I told him the story of those early men who came to America to get to Asia. Fleets of ships lost among the icebergs. Men broken to gnashing and prayers, prone, hands to the sky for fear, resorting to mad gestures at the floating cliffs white as a cloud, blue as an angel’s wing, moving on their impenetrable vectors scattering the waters before them.

Ships sailing through a maze of shifting rooms, taking passages that seem viable, exhausting themselves with choices on that mad ride. I think my mind works the very same way. The drift of logical gates that make up my thoughts are borne on millions of choices creating tendencies of intention.

The mind is the strength of that particular force of will. Mind is a volume, a capacity for engagement. The number of ships sailing in congress with icebergs.
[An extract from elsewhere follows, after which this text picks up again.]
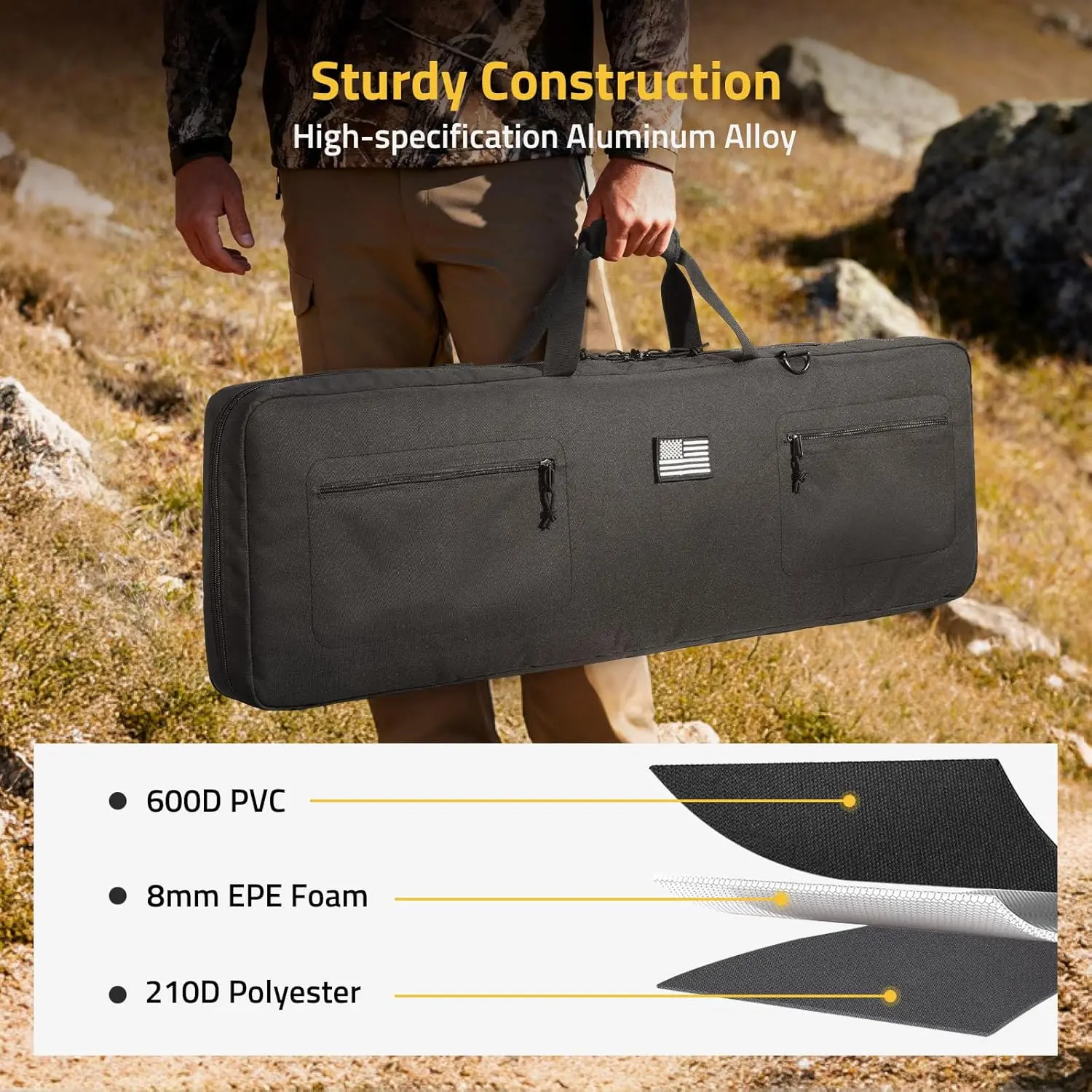Made from tough 600D PVC material and extra-thick padding, this range case provides enhanced protection. Internal securing straps keep your equipment stable during transport. The durable construction ensures your rifles remains safe and secure. 🛠️

The soul is that will alone, surfing the rough seas of mind and body, the captain watching his fragmented forces dissolve into the ice. The cruelties of that vast and penultimate other which cannot be relied upon to save itself.

Bigfoot and I share this urging of will that is always questioning that ultimate unmovable force that drives things. Say we grope for knowledge of the mind of nature. We attune our morality to the most ancient systems we can imagine.

I can’t defend us all, but I do believe that a man calling for his life crouched in hysterics, his frozen tears mounting, the ghostly shifting of the heavens ready to crush him like a bug, warrants some forgiveness.

We are human beings. We have those higher faculties that allow for transformative experiences. We are always ready to hear the punch line. We forgive each other. We can take a joke. We can endure much cruelty for the promise of mercy. We can always accept a misunderstanding. We are fallible after all. First and foremost, flawed. Pawns of history, no different than the icebergs we drift among.

And yet we have intentions that are greater than simple physics (which will not save us). We have the urge to cry out for help to the sky if we must. We think it proper a hand should appear and reset the game so we might try again some other course.

Bigfoots don’t look for help.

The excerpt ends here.